** Work required **
Images are to be excluded, and the rest of the data repeated exactly.

** Input data **
===

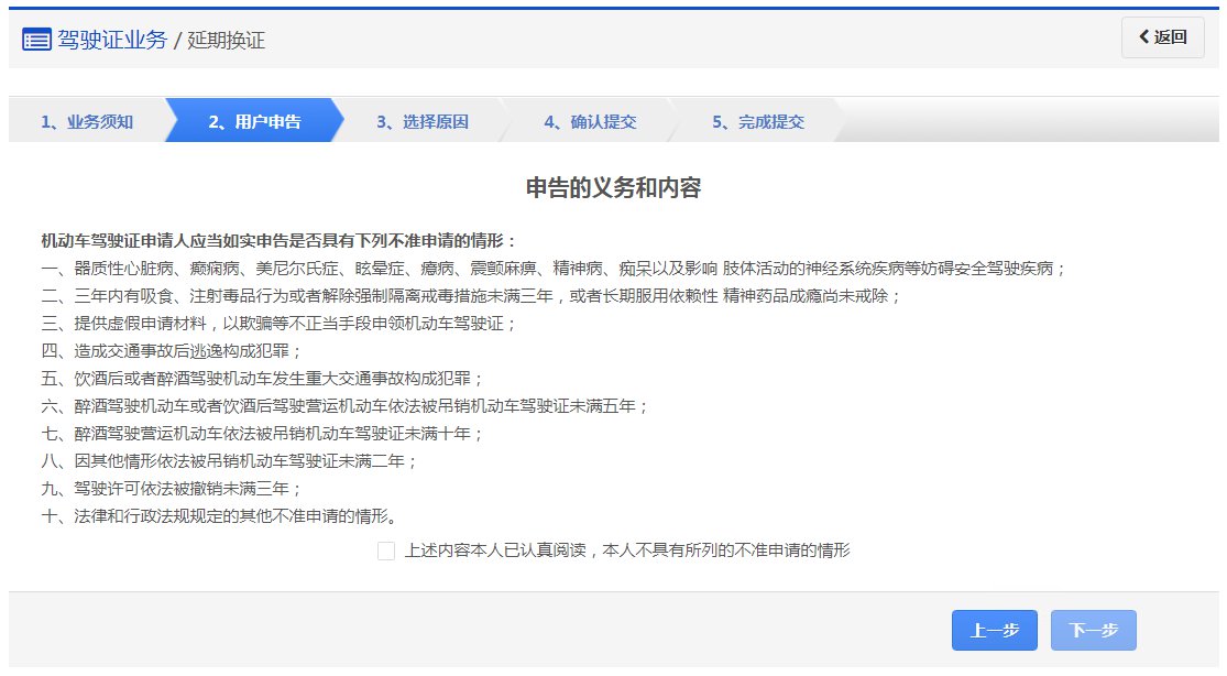 步骤1:【业务须知】在该步骤,用户需认真阅读其内容,包括:办理延期换证需要注意的各项内容和相关责任,如下图所示。同意的,勾选“阅读并同意”,点击【下一步】进入步骤2【用户申告】。
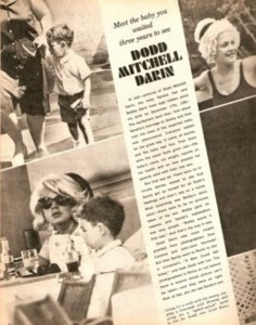At last -- pictures of Dodd Mitchell Darin, the baby Sandra Dee and Bobby Darin has kept hidden since his birth on December 16, 1961. The excitement back then, first about Sandra's marriage to Bobby and then over the news of the expected baby, was phenomenal. Everyone waited for the great day. It came, of course, and the baby was fine. Then there were the usual facts given out -- the baby's name, his weight, reports on his health and how pleased his parents were with their new son.
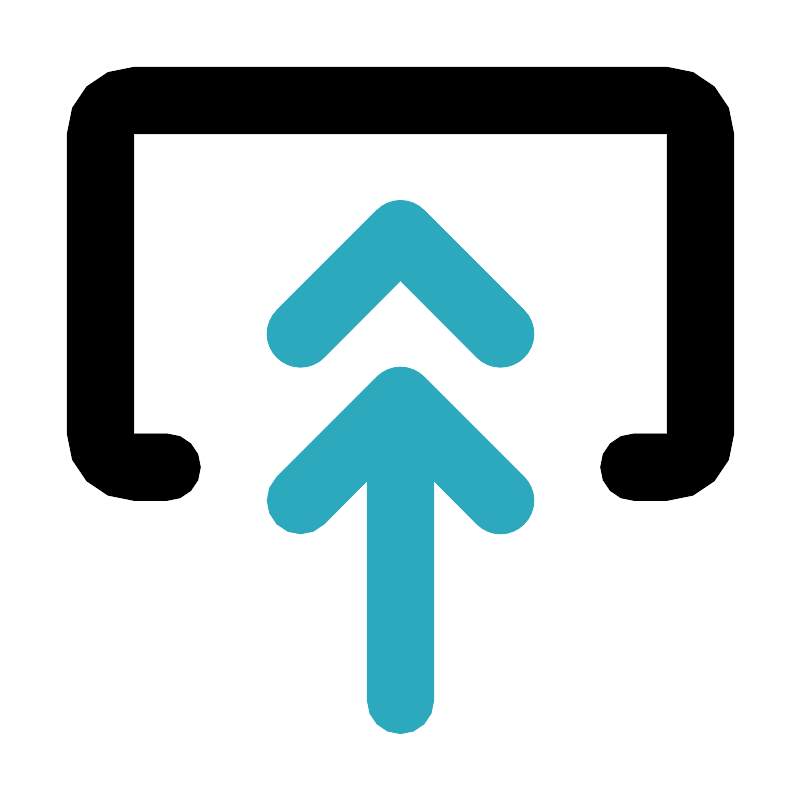 <svg fill="#000000" width="800px" height="800px" viewBox="0 0 24 24" id="upload-double-arrow" data-name="Flat Color" xmlns="http://www.w3.org/2000/svg" class="icon flat-color"><path id="secondary" d="M8.29,10.71a1,1,0,0,1,0-1.42l3-3a1,1,0,0,1,1.42,0l3,3a1,1,0,0,1,0,1.42,1,1,0,0,1-1.42,0L12,8.41l-2.29,2.3A1,1,0,0,1,8.29,10.71Zm4.42.58a1,1,0,0,0-1.42,0l-3,3a1,1,0,0,0,1.42,1.42L11,14.41V21a1,1,0,0,0,2,0V14.41l1.29,1.3a1,1,0,0,0,1.42,0,1,1,0,0,0,0-1.42Z" style="fill: rgb(44, 169, 188);"></path><path id="primary" d="M20,15H19a1,1,0,0,1,0-2h1V4H4v9H5a1,1,0,0,1,0,2H4a2,2,0,0,1-2-2V4A2,2,0,0,1,4,2H20a2,2,0,0,1,2,2v9A2,2,0,0,1,20,15Z" style="fill: rgb(0, 0, 0);"></path></svg>
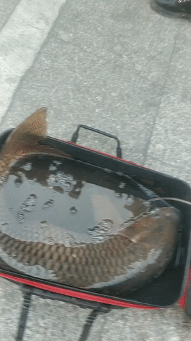 原来,是因为钓鱼人在河道钓鱼时碰上了一条体型健硕的大鲤鱼,估计有30斤往上,在这样一条市内河道里可算是个“稀罕物”, 甚至有路人惊呼是一条“鲤鱼王”。
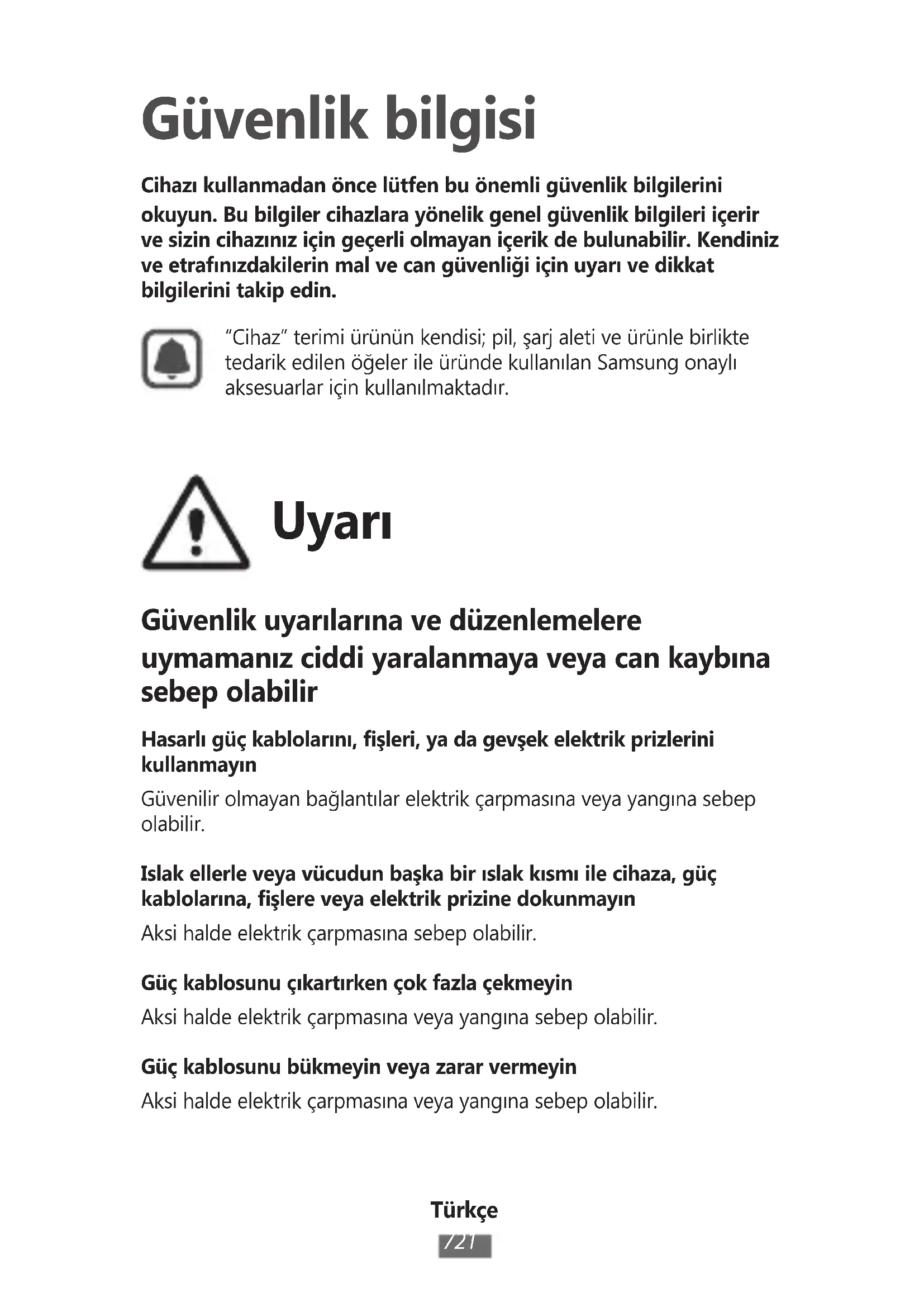 Güvenlik bilgisi Cihazı kullanmadan önce lütfen bu önemli güvenlik bilgilerini okuyun. Bu bilgiler cihazlara yönelik genel güvenlik bilgileri içerir ve sizin cihazınız için geçerli olmayan içerik de bulunabilir. Kendiniz ve etrafınızdakilerin mal ve can güvenliği için uyarı ve dikkat bilgilerini takip edin.“Cihaz” terimi ürünün kendisi; pil, şarj aleti ve ürünle birlikte tedarik edilen öğeler ile üründe kullanılan Samsung onaylı aksesuarlar için kullanılmaktadır. Uyarı Güvenlik uyarılarına ve düzenlemelere uymamanız ciddi yaralanmaya veya can kaybına sebep olabilir Hasarlı güç kablolarını, fişleri, ya da gevşek elektrik prizlerini kullanmayınGüvenilir olmayan bağlantılar elektrik çarpmasına veya yangına sebep olabilir.Islak ellerle veya vücudun başka bir ıslak kısmı ile cihaza, güç kablolarına, fişlere veya elektrik prizine dokunmayınAksi halde elektrik çarpmasına sebep olabilir.Güç kablosunu çıkartırken çok fazla çekmeyinAksi halde elektrik çarpmasına veya yangına sebep olabilir.Güç kablosunu bükmeyin veya zarar vermeyinAksi halde elektrik çarpmasına veya yangına sebep olabilir.Türkçe
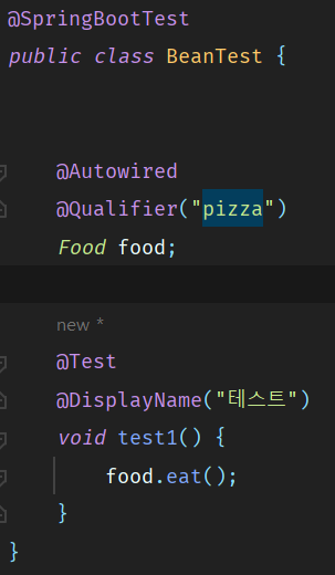 pizza라고 써놓은 해당 bean객체를 test시에 @Qualifier를 붙혀줌으로써 주입받 수 있다.
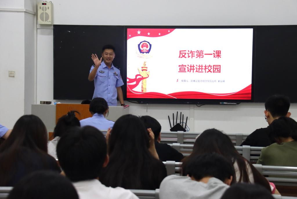 为切实提升学生识骗防骗能力,筑牢校园安全防线,6月11日,太阳网集团tcy8722联合校保卫处邀请薛城公安分局沙沟派出所反诈民警单长麟走进校园,在德艺楼7108教室为学院学生做《反诈第一课宣讲进校园》反诈知识教育宣讲。
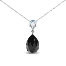 Natural gemstones and elegant aesthetic appeal make this 18k white gold pendant necklace an instant beauty. The centerpiece is an eye-catching 25x15mm pear cut black onyx in a 4-prong setting with a rich array of glorious facets. A 12x8mm pear cut sky blue topaz glistens in a sparkling fashion from its own 4-prong setting. Nestled between these natural gemstones is a simple round diamond accent stone in a prong setting that imparts a graceful air with an approximate G-H Color and SI1-SI2 Clarity. The contemporary yet classic 18" rope chain secures around the neck with a spring ring clasp.

===

** Task solution **
 步骤1:【业务须知】在该步骤,用户需认真阅读其内容,包括:办理延期换证需要注意的各项内容和相关责任,如下图所示。同意的,勾选“阅读并同意”,点击【下一步】进入步骤2【用户申告】。
At last -- pictures of Dodd Mitchell Darin, the baby Sandra Dee and Bobby Darin has kept hidden since his birth on December 16, 1961. The excitement back then, first about Sandra's marriage to Bobby and then over the news of the expected baby, was phenomenal. Everyone waited for the great day. It came, of course, and the baby was fine. Then there were the usual facts given out -- the baby's name, his weight, reports on his health and how pleased his parents were with their new son.
 <svg fill="#000000" width="800px" height="800px" viewBox="0 0 24 24" id="upload-double-arrow" data-name="Flat Color" xmlns="http://www.w3.org/2000/svg" class="icon flat-color"><path id="secondary" d="M8.29,10.71a1,1,0,0,1,0-1.42l3-3a1,1,0,0,1,1.42,0l3,3a1,1,0,0,1,0,1.42,1,1,0,0,1-1.42,0L12,8.41l-2.29,2.3A1,1,0,0,1,8.29,10.71Zm4.42.58a1,1,0,0,0-1.42,0l-3,3a1,1,0,0,0,1.42,1.42L11,14.41V21a1,1,0,0,0,2,0V14.41l1.29,1.3a1,1,0,0,0,1.42,0,1,1,0,0,0,0-1.42Z" style="fill: rgb(44, 169, 188);"></path><path id="primary" d="M20,15H19a1,1,0,0,1,0-2h1V4H4v9H5a1,1,0,0,1,0,2H4a2,2,0,0,1-2-2V4A2,2,0,0,1,4,2H20a2,2,0,0,1,2,2v9A2,2,0,0,1,20,15Z" style="fill: rgb(0, 0, 0);"></path></svg>
 原来,是因为钓鱼人在河道钓鱼时碰上了一条体型健硕的大鲤鱼,估计有30斤往上,在这样一条市内河道里可算是个“稀罕物”, 甚至有路人惊呼是一条“鲤鱼王”。
 Güvenlik bilgisi Cihazı kullanmadan önce lütfen bu önemli güvenlik bilgilerini okuyun. Bu bilgiler cihazlara yönelik genel güvenlik bilgileri içerir ve sizin cihazınız için geçerli olmayan içerik de bulunabilir. Kendiniz ve etrafınızdakilerin mal ve can güvenliği için uyarı ve dikkat bilgilerini takip edin.“Cihaz” terimi ürünün kendisi; pil, şarj aleti ve ürünle birlikte tedarik edilen öğeler ile üründe kullanılan Samsung onaylı aksesuarlar için kullanılmaktadır. Uyarı Güvenlik uyarılarına ve düzenlemelere uymamanız ciddi yaralanmaya veya can kaybına sebep olabilir Hasarlı güç kablolarını, fişleri, ya da gevşek elektrik prizlerini kullanmayınGüvenilir olmayan bağlantılar elektrik çarpmasına veya yangına sebep olabilir.Islak ellerle veya vücudun başka bir ıslak kısmı ile cihaza, güç kablolarına, fişlere veya elektrik prizine dokunmayınAksi halde elektrik çarpmasına sebep olabilir.Güç kablosunu çıkartırken çok fazla çekmeyinAksi halde elektrik çarpmasına veya yangına sebep olabilir.Güç kablosunu bükmeyin veya zarar vermeyinAksi halde elektrik çarpmasına veya yangına sebep olabilir.Türkçe
 pizza라고 써놓은 해당 bean객체를 test시에 @Qualifier를 붙혀줌으로써 주입받 수 있다.
 为切实提升学生识骗防骗能力,筑牢校园安全防线,6月11日,太阳网集团tcy8722联合校保卫处邀请薛城公安分局沙沟派出所反诈民警单长麟走进校园,在德艺楼7108教室为学院学生做《反诈第一课宣讲进校园》反诈知识教育宣讲。
 Natural gemstones and elegant aesthetic appeal make this 18k white gold pendant necklace an instant beauty. The centerpiece is an eye-catching 25x15mm pear cut black onyx in a 4-prong setting with a rich array of glorious facets. A 12x8mm pear cut sky blue topaz glistens in a sparkling fashion from its own 4-prong setting. Nestled between these natural gemstones is a simple round diamond accent stone in a prong setting that imparts a graceful air with an approximate G-H Color and SI1-SI2 Clarity. The contemporary yet classic 18" rope chain secures around the neck with a spring ring clasp.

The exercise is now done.